Бабушка положила веретено и пошла кормить птицу. Барунка осталась в саду подровнять грядку. Минуту спустя пришла Кристла.

— Вы одни тут? — спросила она, заглядывая через плетень.

— Да ты поди сюда! Бабушка скоро придет, пошла насыпать корму птицам, — отвечала Барунка.

— А где маменька?

— Пошла в город навестить куму. Ведь маменька все плачет о том, что тятенька может быть не приедет нынешний год; поэтому бабушка и посылает ее всюду, чтоб она немножко развлеклась. Мы все так радовались приезду тятеньки и Гортензии, а вышло все напрасно. Бедняжка Гортензия!

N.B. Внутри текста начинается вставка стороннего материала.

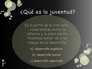 El documento describe el desarrollo orgánico como un proceso cultural en el que el cuerpo y la mente de un joven se transforman gradualmente a través de la autoeducación, la educación receptiva, los esfuerzos y las dificultades para alcanzar la perfección y convertirse en un adulto.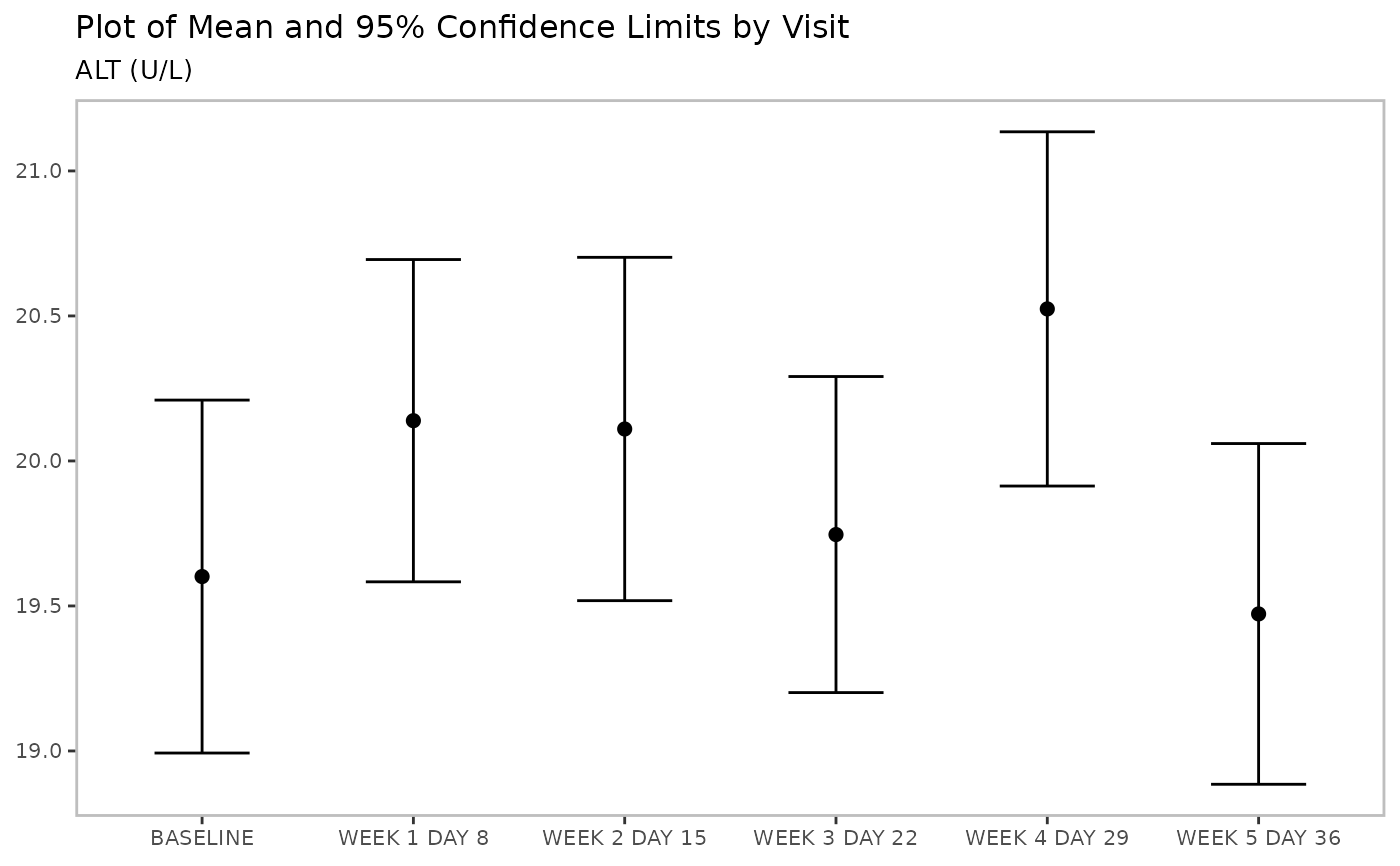 title = "Plot of Mean and 95% Confidence Limits by Visit",

Стоя одним коленом на тропинке, Барунка оперлась локтем на другое колено, и опустив голову на руку, задумалась. Кристла села под сирень, сложенные руки ее опустились на колени, а голова нагнулась на грудь. Она была вне себя, а глаза ее распухли от слез.

— Горячка, должно быть, страшная болезнь. Что если она умрет, Боже мой! У тебя никогда не было горячки, Кристла? — спросила Барунка, помолчав немного.

— Нет, я никогда не хворала; но теперь уже прощай мое здоровье, — грустно отвечала Кристла.

Только теперь Барунка хорошенько посмотрела на нее, и увидав ее изменившееся лицо, вскочила на ноги и подбежала к ней с вопросом:

— Что с тобой? Разве Мила в солдатах?

Кристла вместо ответа зарыдала. В это время воротилась бабушка.

— Что, воротились? — торопливо спросила она.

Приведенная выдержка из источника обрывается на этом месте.